(Records from a dataset)
--------------------

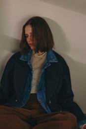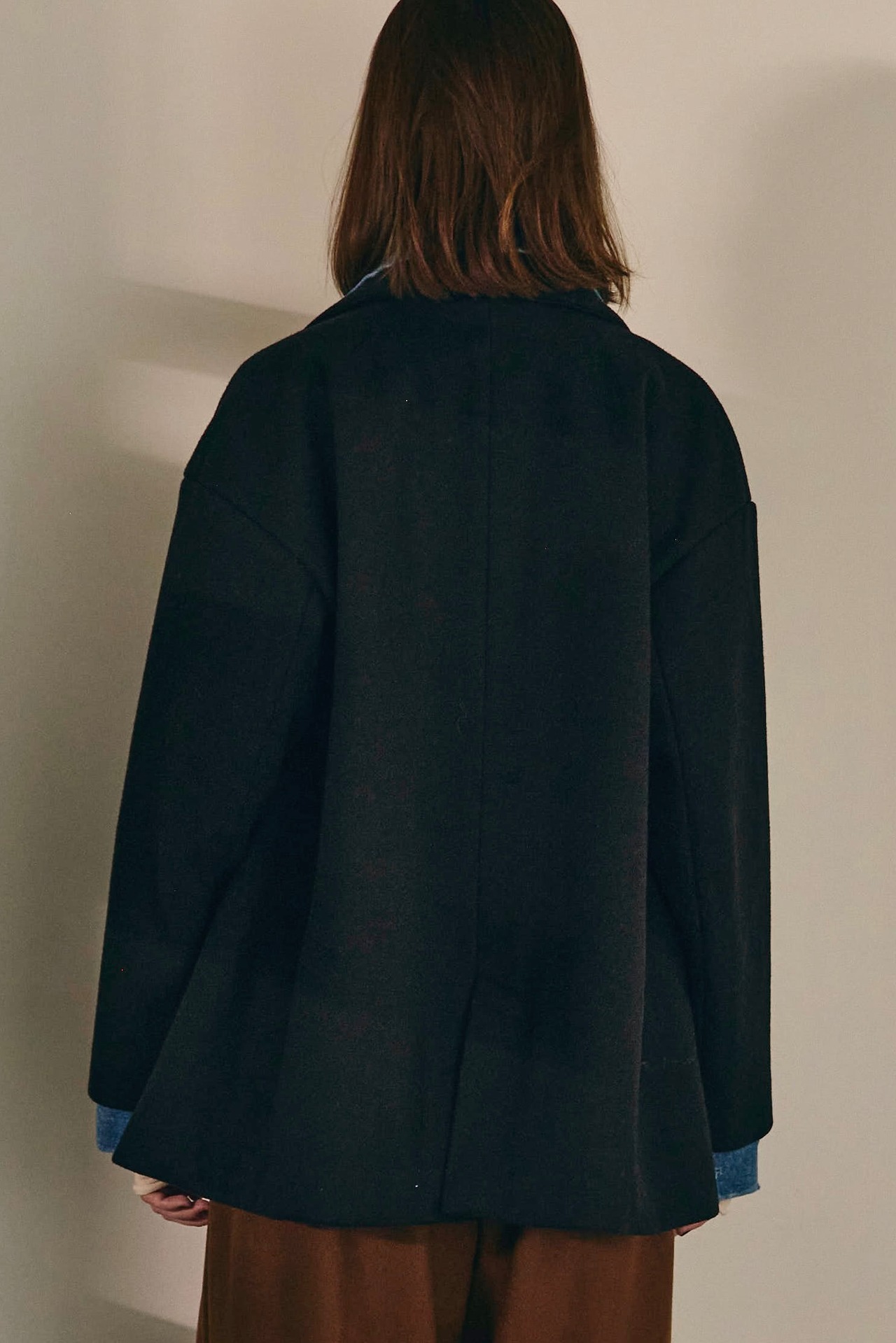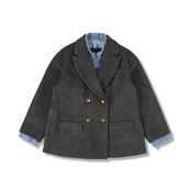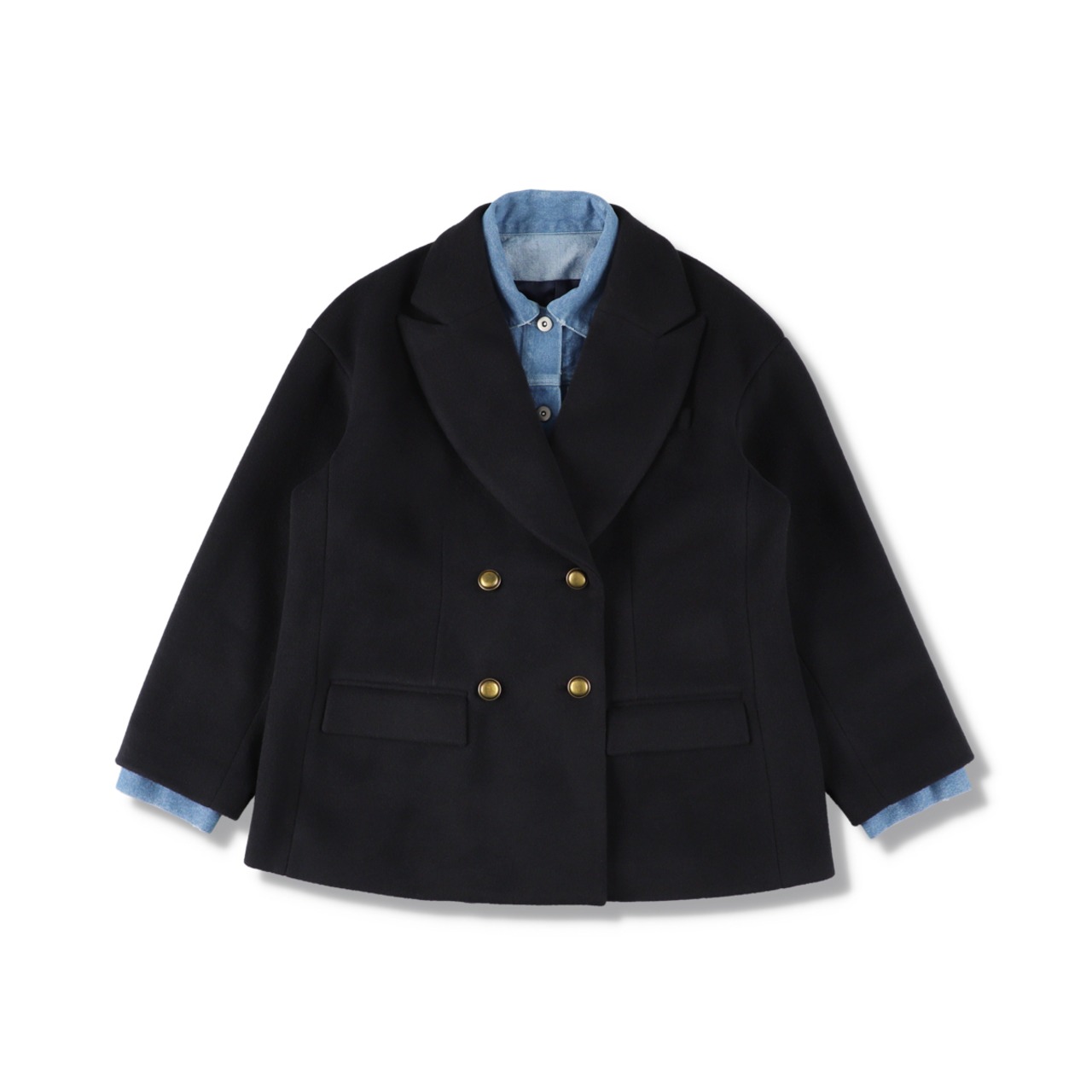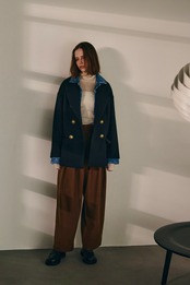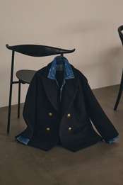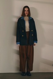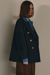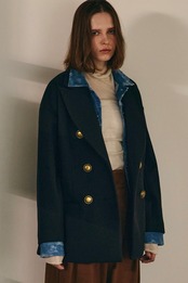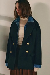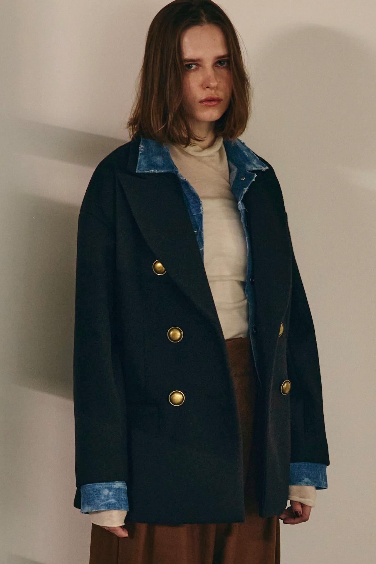 クラシックなピーコートに、デニムをのぞかせたようなレイヤードデザインを施した一着。
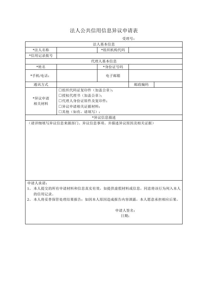 杭州市法人公共信用信息异议申请表.docx
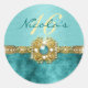 "sweet sixteen" teal gold 16 birthday classic round sticker
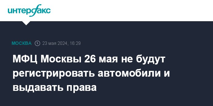 Москва. 23 мая. INTERFAX.RU - 26 мая в воскресенье многофункциональные центры Москвы не будут выдавать водительские удостоверения и регистрировать автомобили в воскресенье в связи с проведением плановых технических работ информационных систем МВД России, сообщили в пресс-службе столичной полиции.
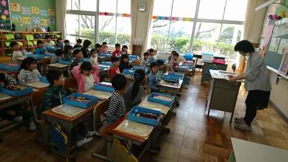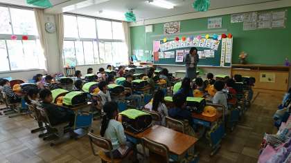 1年生が登校しました。先生のお話をお行儀よく聞いています。
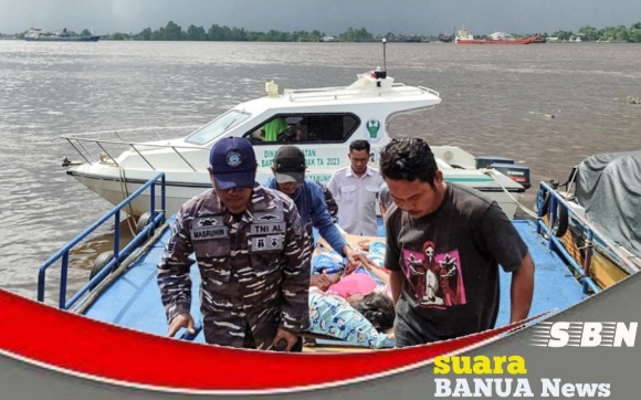 Dalam upaya cepat, pasien tersebut dievakuasi menggunakan kapal speed milik Puskesmas Desa Tabunganen, melintasi sungai menuju Posbinpotmar Trisakti Lanal Banjarmasin.
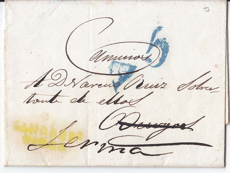 Por lo que veo la marca de Pancorbo en amarillo Tizón la da entre 1844 y 1846 así que la carta será más o menos de esa fecha.
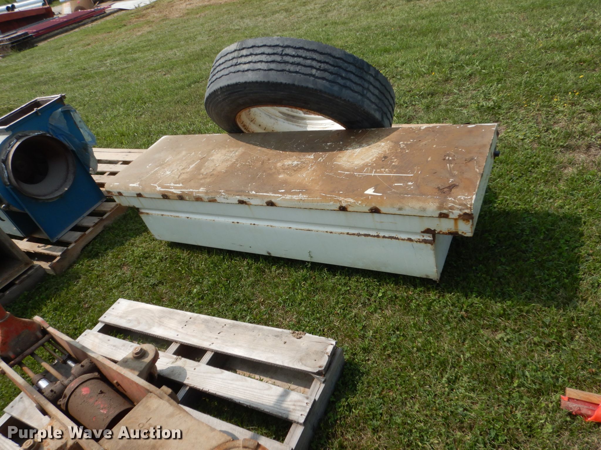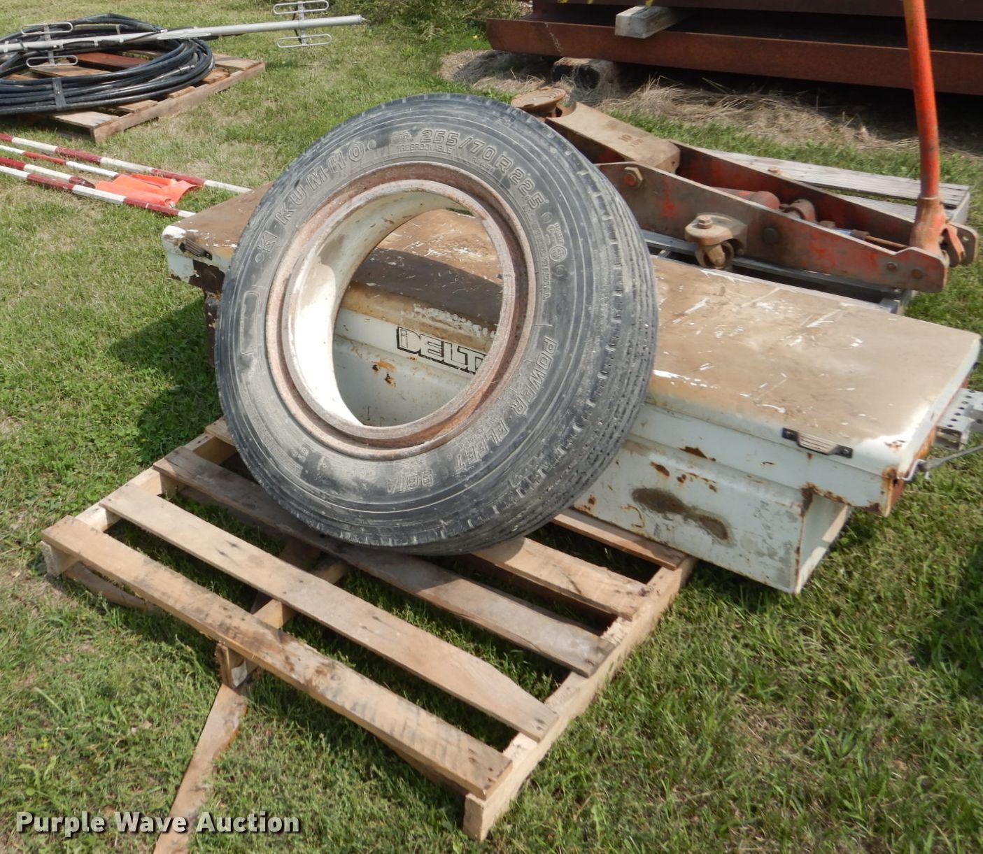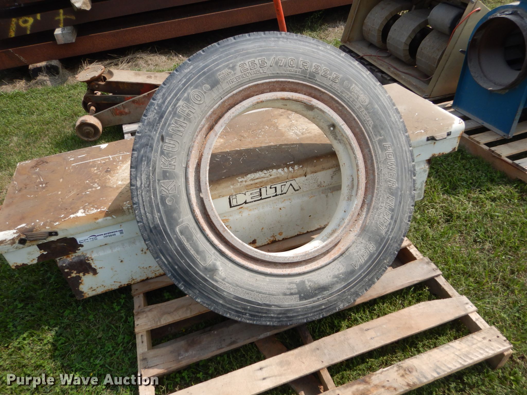 Purple Wave is selling a used Tools in Iowa. This item is a Tools with the following: 255/70R22.5 tire and wheel, Toolbox, 10 ton floor jack, Coaxial cable, Surveying stakes, Antenna
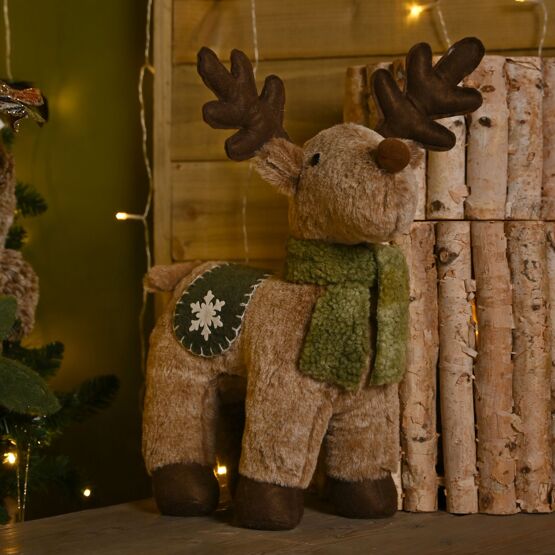 A plush toy reindeer with a green scarf is finished in warm, earthy tones and soft textures, adding a touch of fun woodland charm to any space.
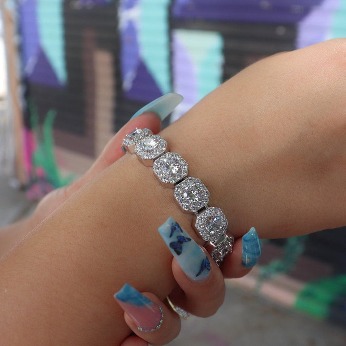Show up and show out in the highly anticipated Clustered Tennis Bracelet in White Gold. Featuring high shine stones paved throughout, this GLD exclusive classic bracelet is THE piece you've always needed in your jewelry collection. Perfect for dinner or a night out, this bracelet is best paired with a stacked tennis bracelet or a white gold watch to show off your individual style.
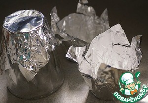 Сначала делаем формочки. На обычный стакан - квадрат фольги и прижать.
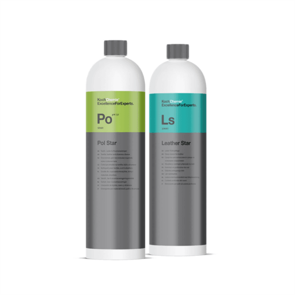 Koch Chemie Po + Ls Deri Temizliği ve Bakım Seti 1 LitreKoch Chemie Deri Temizliği ve Bakım Seti İçeriği ;Koch Chemie Po ( Pol Star ) Deri Temizleme 1 LitreKoch Chemie Ls ( Leather Star ) Deri Koruma 1 Litre1.)Koch Chemie Po Deri , Alcantara Döşeme Temizleyici 1 LitreKoch Chemie Pol Star Nedir ?Koch Chemie Pol Star, deri , alcantara , döşeme ve halı gibi tekstiller için geliştirilmiş koruyucu etkili ph nötr temizleyicidir. Arkasında filigran bırakmadan temizler ve korur. Koch Chemie Deri ve Alcantara Temizleyici , uygulamış olduğunuz yüzeylerin tekrar kirlenmesini önler . Su izi bırakmaz. Kir ince gözenekli köpük lameller tarafından liflerin derinliklerinden çıkarılır ve nemli bir bezle alınır.Koch Chemie Deri , Alcantara ve Döşeme Temizleyici Nasıl Kullanılır ?Kirlenme derecesine bağlı olarak 1:5 ila 1:20 oranında sulandırdıktan sonra bir sprey şişe yardımıyla ürünü uygulayın. Kısa bir süre tepkimeye girmesini bekleyin. Önce dikey daha sonra da yatay hareketlerle sünger veya mikrofiber bir bez yardımıyla dikkatlice çalışın. Ürünü iyice yedirdikten sonra nemli bir bez veya ıslak/kuru elektrik süpürgesi yardımıyla silin.2.)Koch Chemie Ls (Leather Star) Deri Bakım Koruyucu 1 Litre Koch Chemie Leather Star Nedir ?Koch Chemie markasının doğal saten kaplamalı birinci sınıf deri bakım ürünü. Koch Chemie Ls Leather Star , dilimize Deri Yıldızı olarak çevrilebilir . İsminin tamamen hakkını veren bu ürün kırılgan hale gelen malzemeleri canlandırmak , korumak için özel olarak geliştirilmiş birinci sınıf bir üründür. Pürüzsüz deri ,süet ve delikli deri malzemelerde kullanılmak üzere geliştirilmiştir.Koch Chemie Deri Bakım ve Koruyucu , aracınızın deri aksamlarını korumakla kalmaz aynı zamanda hoş bir koku , renk yoğunlaştırıcı bir görünüm , esnek ve yumuşak bir his yaratır. İstenmeyecek oranda kayganlık yaratmaz. Derinlemesine bir bakım ürünü olarak kötü durumdaki deri aksamları eski haline getirerek olağanüstü bir yeni görünüm elde etmenizi sağlar. Birinci sınıf aktif bileşenlerin kullanımı deriyi esnek yapar ve sonrasında derinin kirlenmesini oldukça geciktirir.Koch Chemie Ls Nasıl Kullanılır ?Kiri önceden uygun bir temizlik maddesiyle örnek vermek gerekirse yine Koch Chemie markasının Pol Star ürünü ile temizleyin. Nemli bir bezle sildikten sonra iyice kurulayın.Kullanmadan önce Leather Star’ı iyice çalkalayın. Bir sünger veya yumuşak bir mikrofiber bezle deri yüzeye eşit ve yoğun bir şekilde uygulayın ve kurumasını bekleyin . Kalıntıları almak için temiz bir mikrofiber bez kullanın.
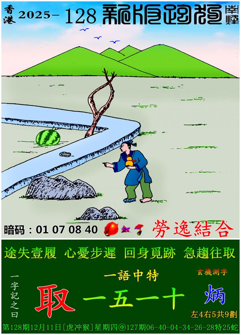 128期新版跑狗一字記之曰:【取】 玄機測字:《炳》 一語中特:一五一十
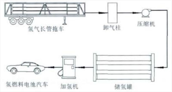 氫氣長管拖車將氫氣運(yùn)輸至加氫站后,裝有氫氣的半掛車與牽引車分離并和卸氣柱相連接。隨后氫氣進(jìn)入壓縮機(jī)內(nèi)被壓縮,并先后輸送至高壓、中壓、低壓儲(chǔ)氫罐中分級(jí)儲(chǔ)存。需要對(duì)汽車進(jìn)行加注服務(wù)時(shí),加氫機(jī)可以先后從氫氣長管拖車、低壓儲(chǔ)氫罐、中壓儲(chǔ)氫罐、高壓儲(chǔ)氫罐中按順序取氣進(jìn)行加注。
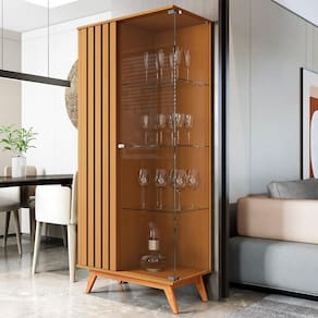 Com portas amplas, prateleiras bem distribuídas e visual moderno, ele valoriza suas taças e objetos, deixando tudo organizado com estilo.
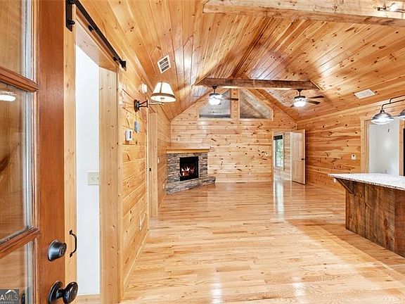 Welcome home to your cabin in the woods! Upon driving home, you are greeted by the circular driveway that leads to the charming covered front porch where you can sip on your coffee in the morning. Upon entering the home, the tall, vaulted ceilings and wood finishes remind you that you've made it to the mountain getaway you've been dreaming of. Features include 2 large bedrooms and 2 full bathrooms, as well as a den space that has its own fireplace. The open concept living area includes a second fireplace in the living room, as well as a well-appointed kitchen showcasing the rough sawn cabinetry and granite countertops. Head outside to spend time on the back deck, or explore the woods on the large 0.81 acre lot. The covered carport area sits next to the home, and has an additional enclosed storage area that can be used as a workshop as well. There is also a shed on the property, and a firepit area to sit around on cool Fall evening. All this while being located within the beautiful Coosawattee River Resort, which features pools, tennis courts, fish trap parks, hiking trails, tubing down the Coosawattee River, fishing and more! Come check it out today!
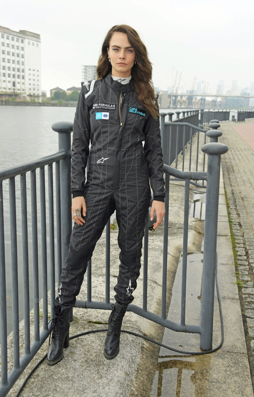 卡拉在此次晚宴上的造型也是很多变,随后在游轮上,卡拉把黑色的头发扎成高马尾,把黑色单肩短上衣换成了带有彩色花纹亮片的短裙,专业赛车服换成了黑色皮衣外套,整个人看上去非常干练,展示了自己非凡的时尚魅力。

--------------------

• _Task description_
Copy word for word only the lines above from the one with "杭州市法人公共信用信息异议申请表.docx" through the one with "Сначала делаем формочки.". Leave pictures out.

• _Expected answer_
 杭州市法人公共信用信息异议申请表.docx
 "sweet sixteen" teal gold 16 birthday classic round sticker
 Москва. 23 мая. INTERFAX.RU - 26 мая в воскресенье многофункциональные центры Москвы не будут выдавать водительские удостоверения и регистрировать автомобили в воскресенье в связи с проведением плановых технических работ информационных систем МВД России, сообщили в пресс-службе столичной полиции.
 1年生が登校しました。先生のお話をお行儀よく聞いています。
 Dalam upaya cepat, pasien tersebut dievakuasi menggunakan kapal speed milik Puskesmas Desa Tabunganen, melintasi sungai menuju Posbinpotmar Trisakti Lanal Banjarmasin.
 Por lo que veo la marca de Pancorbo en amarillo Tizón la da entre 1844 y 1846 así que la carta será más o menos de esa fecha.
 Purple Wave is selling a used Tools in Iowa. This item is a Tools with the following: 255/70R22.5 tire and wheel, Toolbox, 10 ton floor jack, Coaxial cable, Surveying stakes, Antenna
 A plush toy reindeer with a green scarf is finished in warm, earthy tones and soft textures, adding a touch of fun woodland charm to any space.
Show up and show out in the highly anticipated Clustered Tennis Bracelet in White Gold. Featuring high shine stones paved throughout, this GLD exclusive classic bracelet is THE piece you've always needed in your jewelry collection. Perfect for dinner or a night out, this bracelet is best paired with a stacked tennis bracelet or a white gold watch to show off your individual style.
 Сначала делаем формочки. На обычный стакан - квадрат фольги и прижать.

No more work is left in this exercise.